▶ **Material for this exercise**
=== Begin Enclosure ===

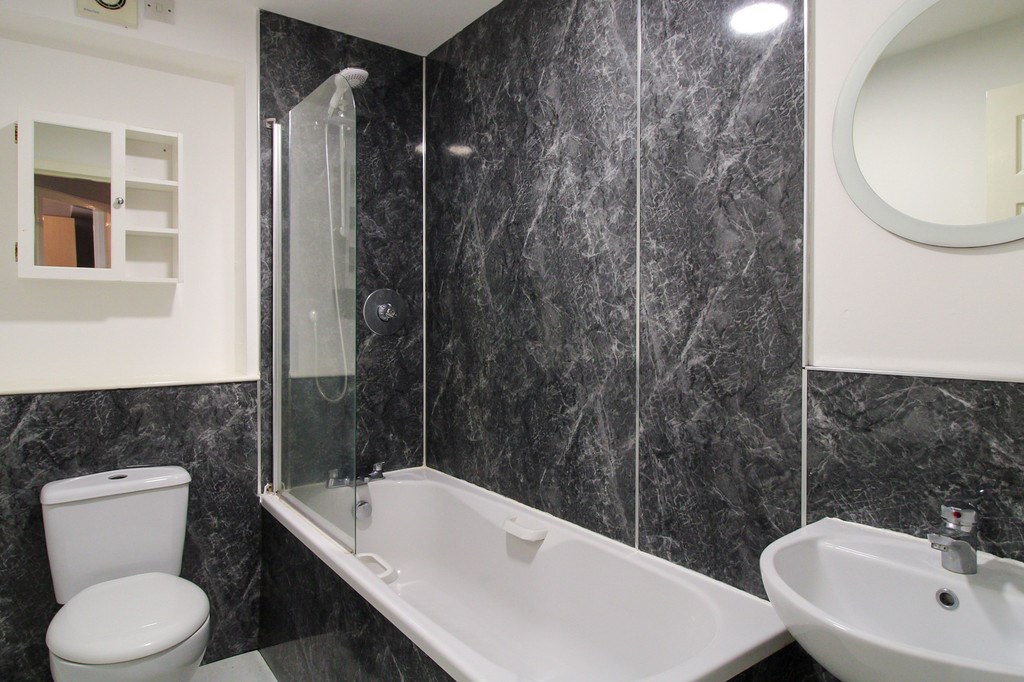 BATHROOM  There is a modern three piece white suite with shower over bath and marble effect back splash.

=== End Enclosure ===
=== Begin Enclosure ===

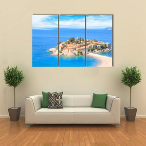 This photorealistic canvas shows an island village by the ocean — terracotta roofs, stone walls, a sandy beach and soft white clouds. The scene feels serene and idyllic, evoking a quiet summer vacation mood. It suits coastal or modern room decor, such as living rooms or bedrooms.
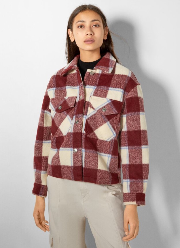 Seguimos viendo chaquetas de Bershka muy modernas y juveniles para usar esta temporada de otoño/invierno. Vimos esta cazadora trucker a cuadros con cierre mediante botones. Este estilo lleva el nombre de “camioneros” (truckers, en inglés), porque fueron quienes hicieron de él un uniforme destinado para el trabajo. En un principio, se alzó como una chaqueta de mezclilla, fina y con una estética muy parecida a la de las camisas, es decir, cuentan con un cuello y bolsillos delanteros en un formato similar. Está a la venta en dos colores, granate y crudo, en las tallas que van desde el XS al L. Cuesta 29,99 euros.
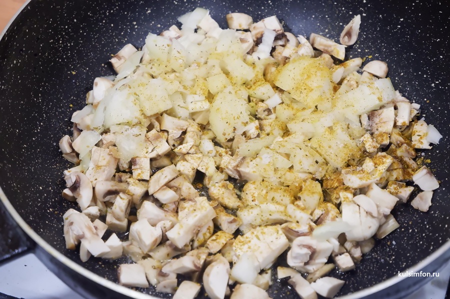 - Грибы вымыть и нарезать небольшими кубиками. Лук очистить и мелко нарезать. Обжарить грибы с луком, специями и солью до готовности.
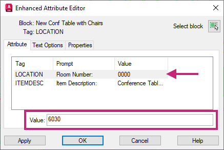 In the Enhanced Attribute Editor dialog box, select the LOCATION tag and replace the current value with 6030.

=== End Enclosure ===
=== Begin Enclosure ===

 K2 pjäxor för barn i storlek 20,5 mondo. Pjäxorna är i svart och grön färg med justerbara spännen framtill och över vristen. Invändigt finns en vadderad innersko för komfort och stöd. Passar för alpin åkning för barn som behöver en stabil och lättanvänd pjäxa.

=== End Enclosure ===

▶ **Exercise objective**
An exact copy of the lines above from the one with "- Грибы вымыть" up to and including the one with "In the Enhanced" is required; reproduce only those lines, omitting all pictures.

▶ **Solution to the problem**
 - Грибы вымыть и нарезать небольшими кубиками. Лук очистить и мелко нарезать. Обжарить грибы с луком, специями и солью до готовности.
 In the Enhanced Attribute Editor dialog box, select the LOCATION tag and replace the current value with 6030.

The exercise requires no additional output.